The Colts have a league-high 52 plays that have gained 20 yards or more, and a league-high 48 of those plays were via pass. Luck barely moved in the pocket on the above play, but we've seen plenty of plays from the Colts which have been an immediate result of Luck's mobility.
Luck is respected for his legs, both in his willingness to tuck the ball and run when plays break down and in his ability to extend plays by moving around behind the line of scrimmage while keeping his eyes downfield.
The latter is probably a more dangerous weapon than the former, though he can hurt a defense with both.
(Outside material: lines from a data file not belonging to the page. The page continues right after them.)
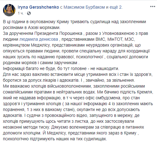 "Мы считаем ребят военнопленными, захваченными российскими сомалийскими пиратами в нейтральных водах. Мы видим подлость Кремля, который не предоставлял информацию, в т. ч. через офис омбудсмена, о состоянии здоровья и содержании ребят (по нашей информации 4 из захваченных имеют ранения, 1 из них в тяжелом состоянии), оккупанты не допускают адвокатов", - написала Ирина Геращенко.
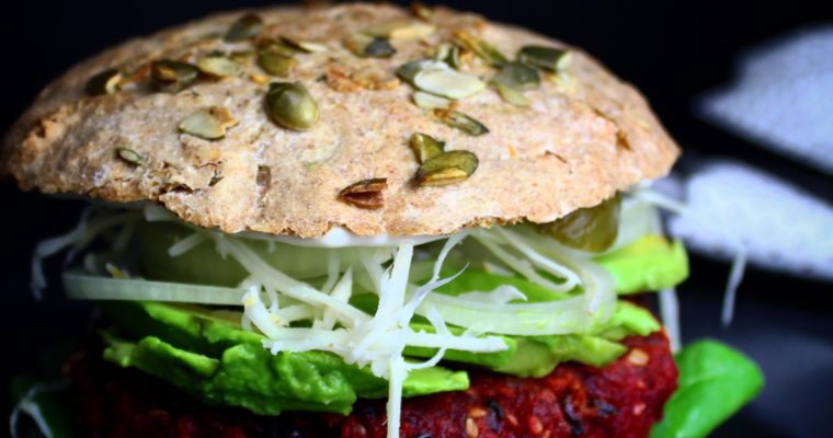 Bøffen er en lækker og smagfuld mexi-rødbedebøf med kidneybønner. Fyldet er salatmayo, frisk spinat, avocado, rå løg, syltede agurker samt masser af høvlet peberrod. Bollen? Fuldkorn, selvfølgelig, og opskriften kan findes her.
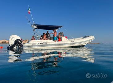 Vendo gommone Sacs dream 25 versione elegante gommone in ottime condizioni tubolari come nuovi teack interno.. gommone 8,50 fuori tutto il gommone è pieno di optional 2 porta canne in acciaio dal valore di 600 euro 4 porta canne da riposo radio marina con 4 casse heartz montata l anno scorso 1400,00 euro salpa ancora elettrico gestibili sia da consolle che da prua.. 2 doccia con autoclave una interna e una su spiaggetta di poppa ampi gavoni frigo nuovo anno 2023 mai usato 1000 euro tavolino a poppa più sedile e prendisole cuscineria in ottimo stato. motori Mercury verado 250 cv del 2016 con 380 ore come nuovo impeccabile e Mercury 9.9 cv gestibile tutto da consolle dream accensione e manetta anno 2024 ancora in garanzia fino a 2028.. tendalino estraibile con allungamento fino a prua. Gommone che naviga benissimo per chi conosce il cantiere anche con mare molto formato velocità 42 nodi con 8/10 persone vendo per cambio progetto a malincuore. Gommone adatto per uscite in famiglia e ben attrezzato per la pesca possibile prova in acqua fino al 30 ottobre posto pagato fino a maggio 2026 a Marzamemi No proposte assurde accetto permute con moto d acqua o gommone o barca di mio gradimento..
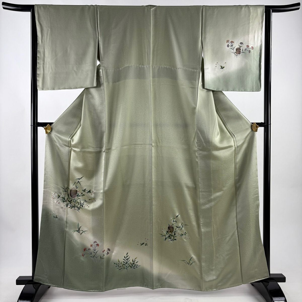 【美品】 付下げ 身丈163.5cm 裄丈64cm M 袷 お仕覆 草花 螺鈿 金銀彩 灰緑 正絹 秀品
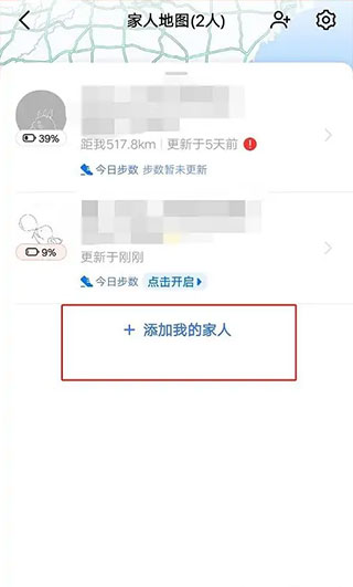 点击家人地图打开高德地图,点击我的,点击家人地图。
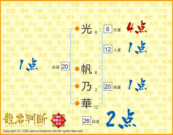 光帆乃華さんの総運は26画の2点!

On 1st-and-goal at the 7-yard line with 31 seconds remaining in the first half against the Jacksonville Jaguars, it looked like the defensive line might collapse the pocket on Luck.
Luck in the pocket is like a deer in the woods. A hunter can't move too quickly in targeting its game. The defense generated just enough pressure to scare Luck out of the pocket, but not enough to keep him in it.
In fact, the Jaguars gave Luck an easy out by failing to contain the perimeter of the pocket, allowing Luck to roll to his right (the comfortable way to roll for a right-handed quarterback). The play was initially well-covered, but with a few steps out of the pocket, Luck bought Coby Fleener some more time to get open and find the soft spot in coverage. Fleener did just that, and Luck found him in front of the end zone, scoring a touchdown
Now, we've come to a weakness. Yes, it's possible for a quarterback who is on pace to set a record for passing yards to have weaknesses in his game, and although he may be the next big thing among NFL quarterbacks, he's not quite there yet, and one reason is erratic decision making.
Colts quarterback coach Clyde Christensen acknowledges that the mistakes are still happening, but Luck has improved his ability to quickly understand what caused the mistake to happen.
"Now, there's a lot more of coming to the sideline and (saying), 'Aha, here's what happened,'" Christensen said, according to Stephen Holder of the Indianapolis Star. "He knows exactly what's taking place. Now we need to translate that into an aggressive mode where you see it before it happens. Then you've got something."
A defense can capitalize if it waits for Luck to make mistakes, because he will make them during the course of the game.
On 2nd-and-5 with 14:25 left in the second quarter against the Pittsburgh Steelers, Luck threw a pick-six that gave Pittsburgh a 21-3 lead. Wide receiver Hakeem Nicks (circled in yellow) ran a 10-yard hitch on the left side. The Steelers dropped back in zone coverage, and cornerback William Gay (circled in black) saw the pattern develop and broke on it before the ball was thrown.
Luck later characterized it as a "stupid" throw, and that's a fair assessment with the amount (read: lack) of space between Nicks and Gay when Luck released the ball. Throwing it blind, without looking before deciding to throw, didn't help.
Maybe it's the playmaker mentality in him, but he will often hold the ball hoping one of his receivers will come open downfield, or try fitting the ball into a tight window. According to ProFootballFocus.com, Luck has the NFL's 10th-highest average time in the pocket (2.76 seconds) and eighth-highest average time before attempting a pass (2.63 seconds).
On 2nd-and-1 with 1:10 left in the first quarter against the Baltimore Ravens, Luck tried a deep shot to wide receiver T.Y. Hilton on a deep post pattern. As he tried to step into the throw, he was drilled by defensive tackle Haloti Ngata, but he felt he could still get the ball out in time and still put it in the right spot. He was dead wrong, though. He underthrew the pass into double coverage, and was lucky not to be intercepted.
Luck has all the tools, but like anyone in the NFL, he is not mistake-proof. An opponent will have its opportunities to capitalize, but an inability to do so could give Luck all the wiggle room he needs to overcome the mistake.
Luck is developing into one of the best quarterbacks in the NFL, but he will still give his opponents opportunities to prove he's not there yet.